Davina Cooper 

Kitty Cooper obituary

Other lives: Leading figure in Contemporary Films, a London-based distribution company that championed arthouse movies
  
  

Kitty Cooper
Kitty Cooper worked for Contemporary Films from 1964 to 2008, buying movies and organising their release Photograph: from family/unknown

For more than 40 years my mother, Kitty Cooper, who has died aged 90, was a leading figure at Contemporary Films, a London-based distribution company established by her husband, Charles, in 1951. Kitty worked there from 1964 until her retirement in 2008, purchasing films and organising their release, dealing with international sales and covering the festival circuit.

The company, of which she was a director, became known for releasing international arthouse works and political documentaries, as well as for supporting the efforts of promising young film-makers.

Nick Broomfield, whose early documentaries were distributed by Contemporary, was among those who appreciated Kitty and Charles’s commitment to promoting new talent. “I was just starting out, and only later learned just how different and beautiful they were,” he said.

From the mid-1960s Kitty became immersed in the heady swirl of radical cultural politics, Soho life and international cinema, buying films by the likes of Werner Herzog, Jane Campion, Satyajit Ray, Andrei Tarkovsky and showing them at the West End Academy Cinema, as well as at Contemporary’s own Paris Pullman and Phoenix Cinemas (in East Finchley and Oxford).

Kitty was born in Berlin into a working-class Jewish family, and spent her early childhood in Nazi Germany. At the age of six, shortly before the second world war, she escaped to Britain with her mother, Betty (nee Davidsohn), a dressmaker. Her father, Walter Fürstenberg, a welder, had come to the UK a few months earlier via the Kitchener Camp initiative. Other family members, including Kitty’s grandmother, were killed in the Holocaust.

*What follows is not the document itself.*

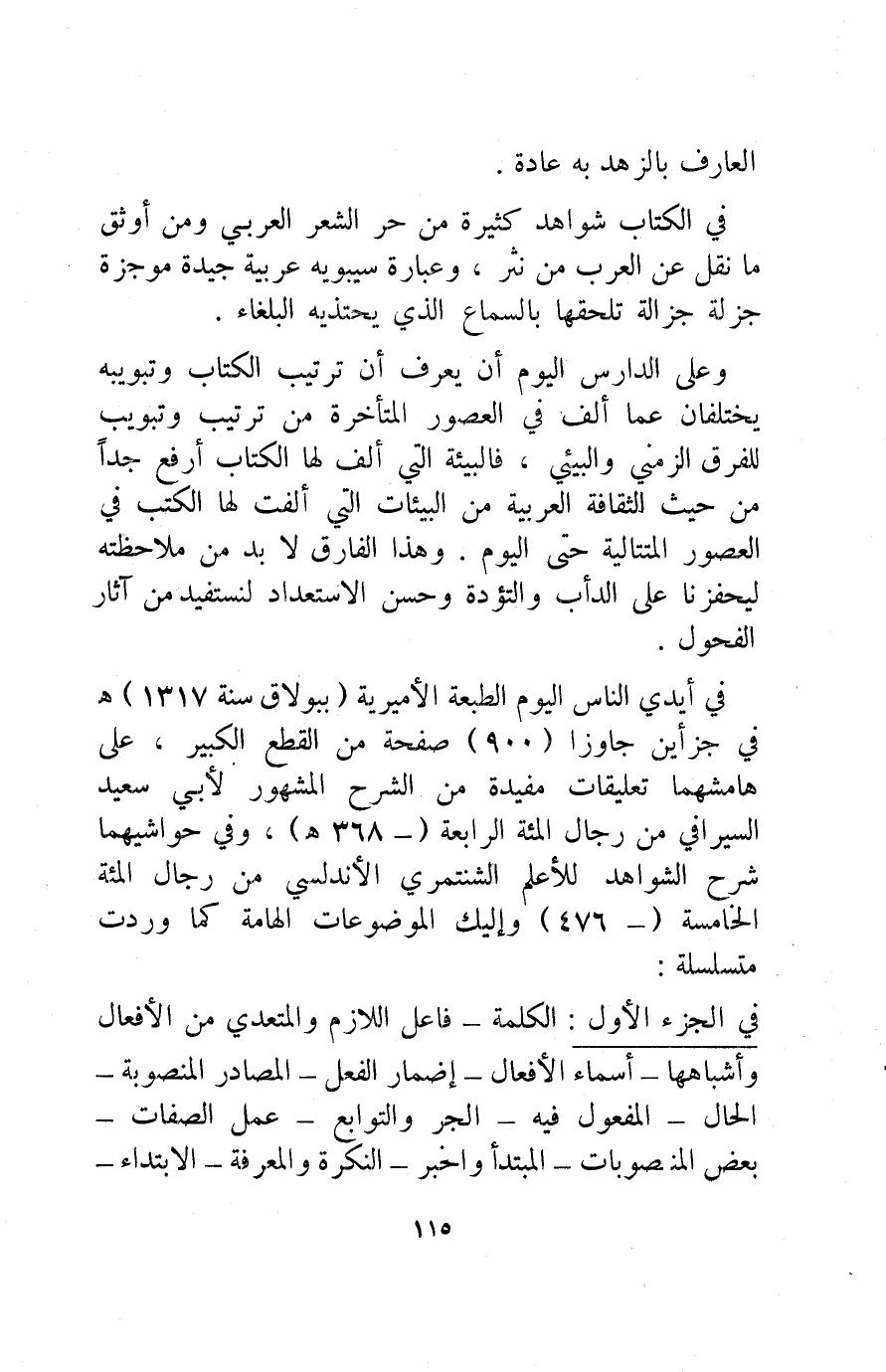 في أيدي الناس اليوم الطبعة الأميرية "ببولاق سنة 1317هـ" في جزأين جاوزا "900" صفحة من القطع الكبير، على هامشهما تعليقات مفيدة من الشرح المشهور لأبي سعيد السيرافي من رجال المائة الرابعة "368هـ"، وفي حواشيهما شرح الشواهد للأعلم الشنتمري الأندلسي من رجال المائة الخامسة "476" وإليك الموضوعات الهامة كما وردت متسلسلة:
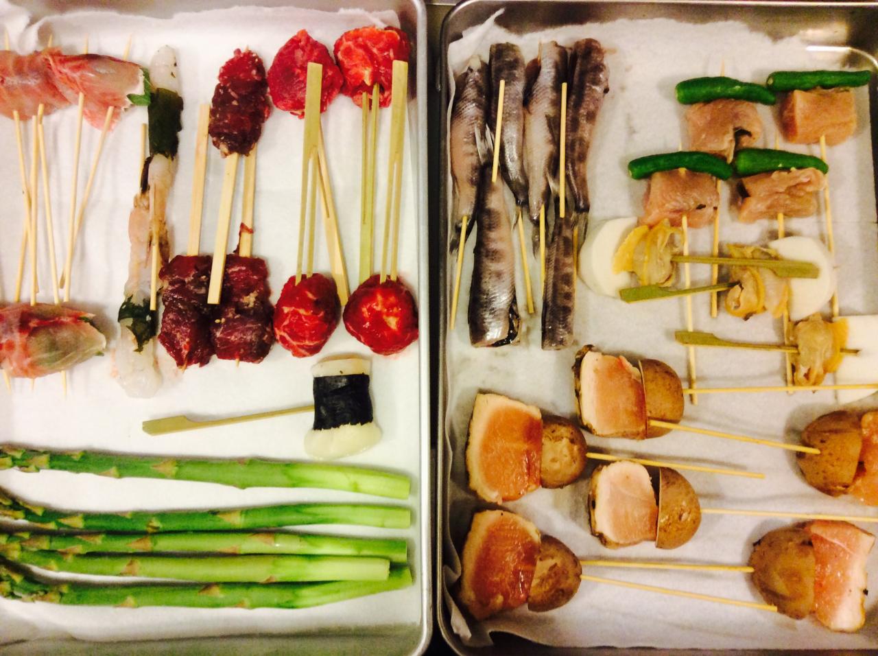 串揚げもメヒカリ、グリルチキン、イサキと空豆など季節のオススメも充実しております!

After the second world war, the family settled in north London, changing their name to Wixon, and Kitty attended Laura Place school (now Clapton girls’ academy). In the late 1950s she took a philosophy evening class at the City Lit adult education college in central London, and there met Charles, a fellow student.

He was 22 years her senior, had recently been widowed and had three children. The early years of their relationship were volatile, but once they settled (and as Kitty liked to say, “Charles committed”) their partnership became a harmonious and loving one – at home and at work.

Together, Kitty and Charles gave their time and films to London’s leftwing circles. Saturday evenings saw people gathering at our home for benefit screenings to raise money for international causes. Film-makers would come to stay – sometimes for months at a time. Kitty and Charles had a relaxed and inclusive approach to their home, and their parenting style was liberal and permissive.

In retirement she volunteered for CND, the Wiener Library and the Tate gallery in London, while developing her skills in portrait photography and art history, and nurturing an enduring love of literature.

Charles died in 2001. She is survived by her children, Mick and me, her stepchildren, Sue, Adi and Florence, 11 grandchildren, nine great-grandchildren and her sister, Sandra.